We set forth a brief summary of the facts and comment briefly on the appeal arguments.

K.S.E. had her first contacts with DYFS as a child. She was physically, emotionally and sexually abused during much of her childhood, and she ran away at age twelve, at which time she became involved with DYFS. Her contacts with DYFS as a parent began with referrals in 1998. K.S.E. began abusing alcohol and drugs at an early age, and her multiple efforts at treatment proved unsuccessful. She tested positive on many occasions for various drugs, including marijuana and cocaine. K.S.E. was diagnosed with "multiple pathological conditions, which severely interfere with her fitness as a parent, specifically a substance dependence condition, clinical disorders and several character psychopathologies." These disorders and conditions "interfere with her ability to effectively parent her children, and pose a significant risk of harm to the children if untreated." Dr. Sigafoos opined that the "[p]rognosis for this client is poor. The rooted character of the client's psychopathological disorders will be difficult to treat. The efficacy of treatment will be effected [sic] by the client's lack of insight, lack of motivation, and lack of commitment to change."

K.S.E. also demonstrated a history of angry outbursts and, according to the counselors at Seabrook House, she "lack[ed] insight into the disease concept and 12 step philosophies." K.S.E.'s efforts at anger management counseling as well as substance abuse treatment were sporadic. Although she demonstrated some willingness to participate and address these problems, she did not persevere and was repeatedly unsuccessful in completing programs.

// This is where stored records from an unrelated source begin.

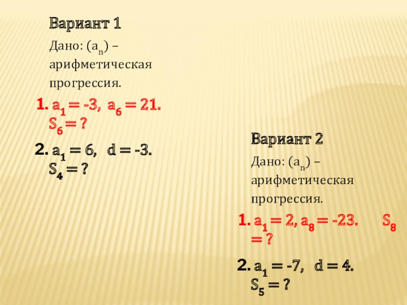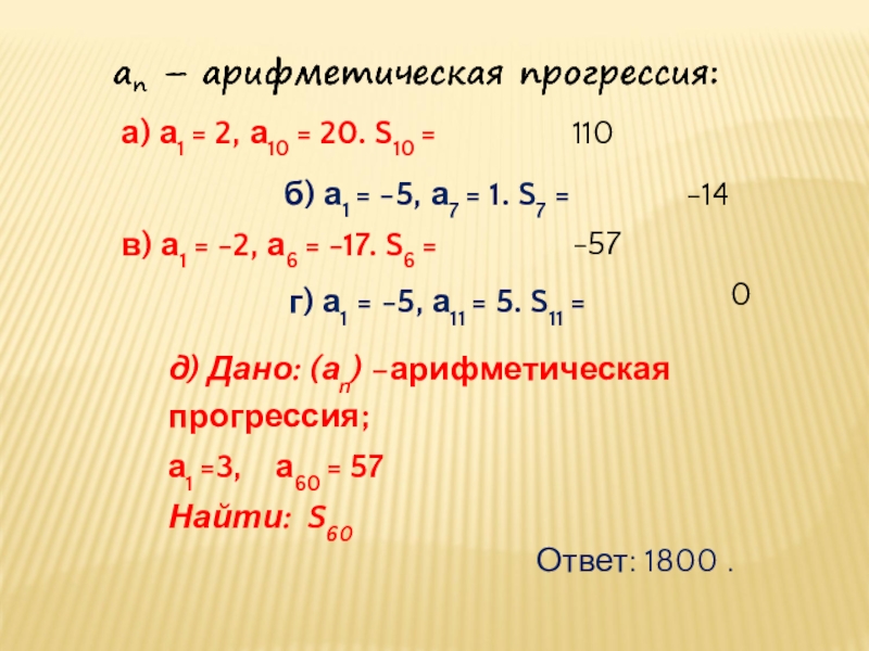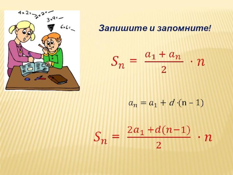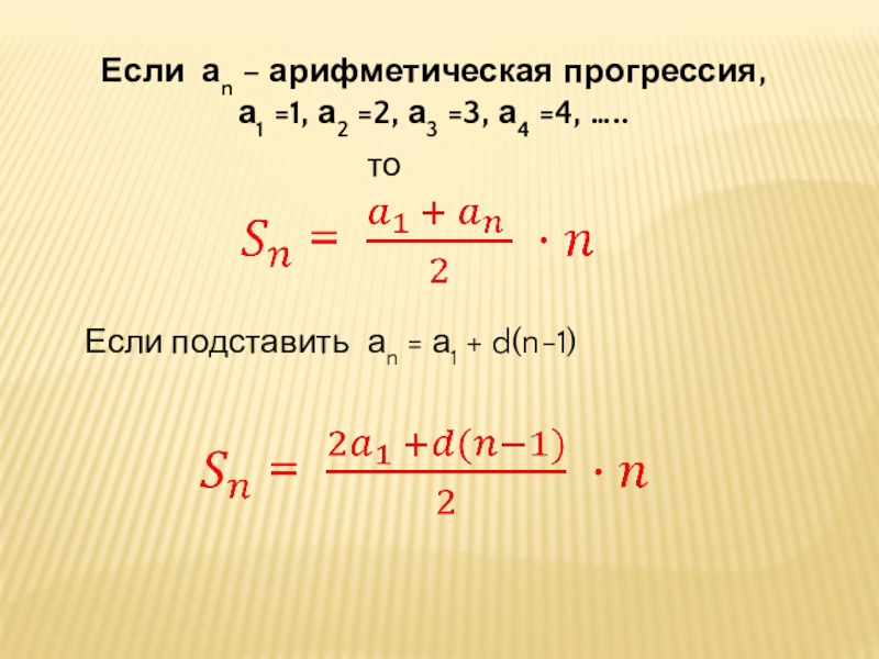 2Sn = ( а1 + аn) + ( а2 + аn-1) +…+ ( аn + а1)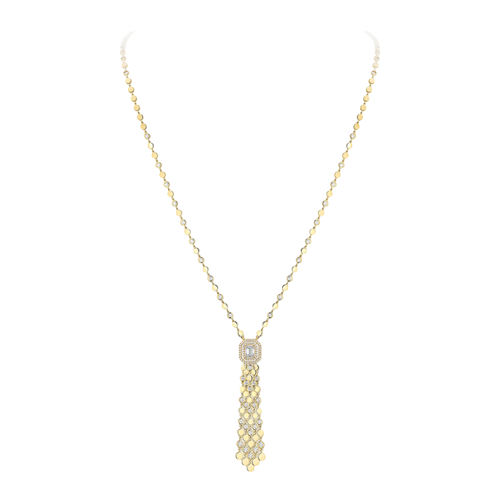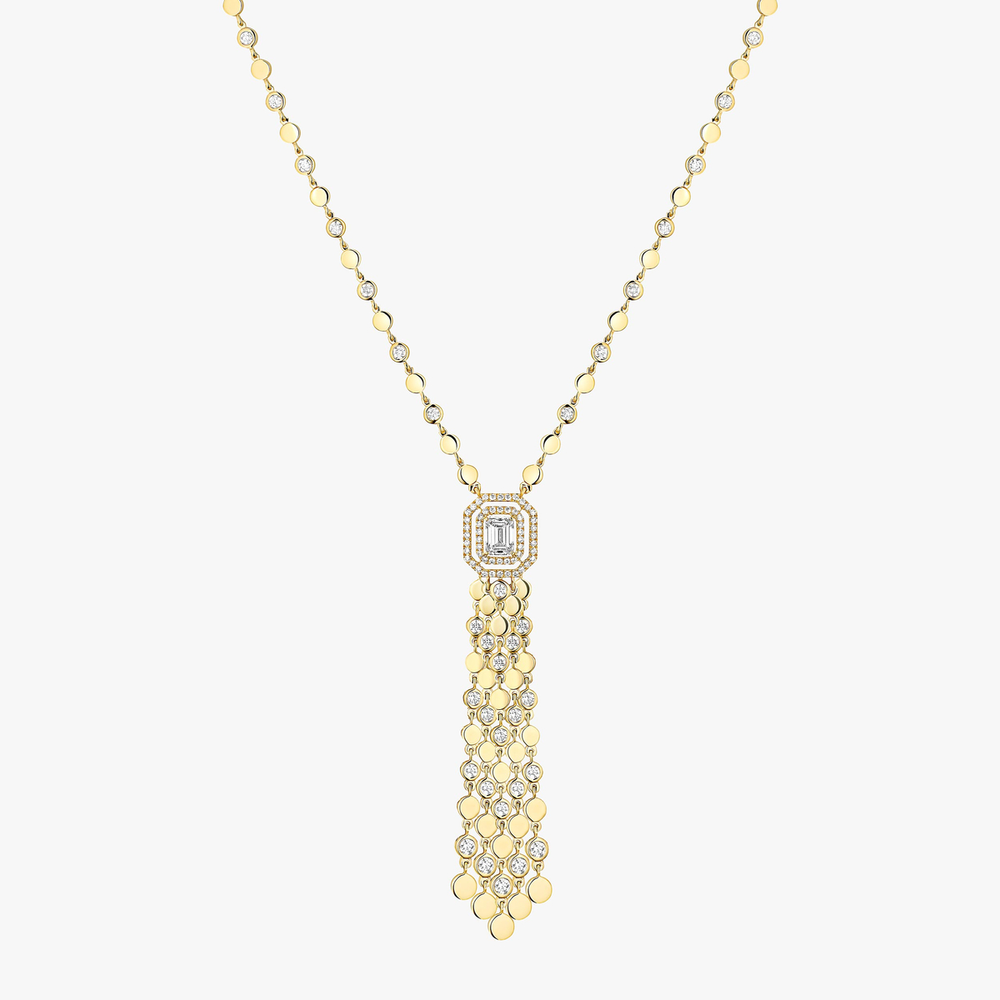 Graphisme du design et fluidité des lignes, le collier pompon D-Vibes en or jaune réinterprète avec éclat un classique de la joaillerie. A la fois moderne et subtilement rétro, ce collier diamant femme sublime votre silhouette en journée comme en soirée grâce à une multitude de portés. Sa rallonge amovible lui permet de combiner une diversité de styles, en jouant sur la longueur des portés, pour un look tantôt sophistiqué et tantôt casual-chic. Les précieux fils d’or et de diamants de son motif central dessinent un sublime pompon couronné par un diamant taille émeraude de 0,40ct. Les deux lignes de diamants entourant la pierre de centre accentuent son côté graphique dans un esprit Art Déco.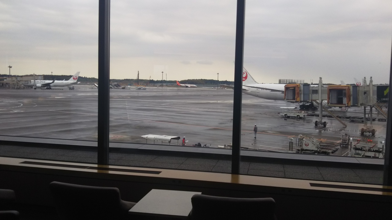 昼過ぎの入場で、かなりすいていました。夕方にはだいぶ混んできました。アルコールも飲めますが、窓際の席でトイレが近くなると困るので、遠慮しておきました。色々な食事かとれるなかでも、ビーフカレーが美味でした。飛行機を眺めながらゆったりと搭乗を待つことができます。

T.H. also has a long history of substance abuse. He has not obtained or sought custody of his son, T.K.H., although he attended visitation with him and acted appropriately. T.H. has refused to avail himself of services offered by the Division and has refused to undergo psychological evaluations. He has also failed to obtain suitable housing and has presented no plan for parenting his child. Basically, his contention throughout has been that the appropriate plan would be for the child to be reunited with his mother, K.S.E. However, that plan is plainly not a viable one because of K.S.E.'s deficiencies.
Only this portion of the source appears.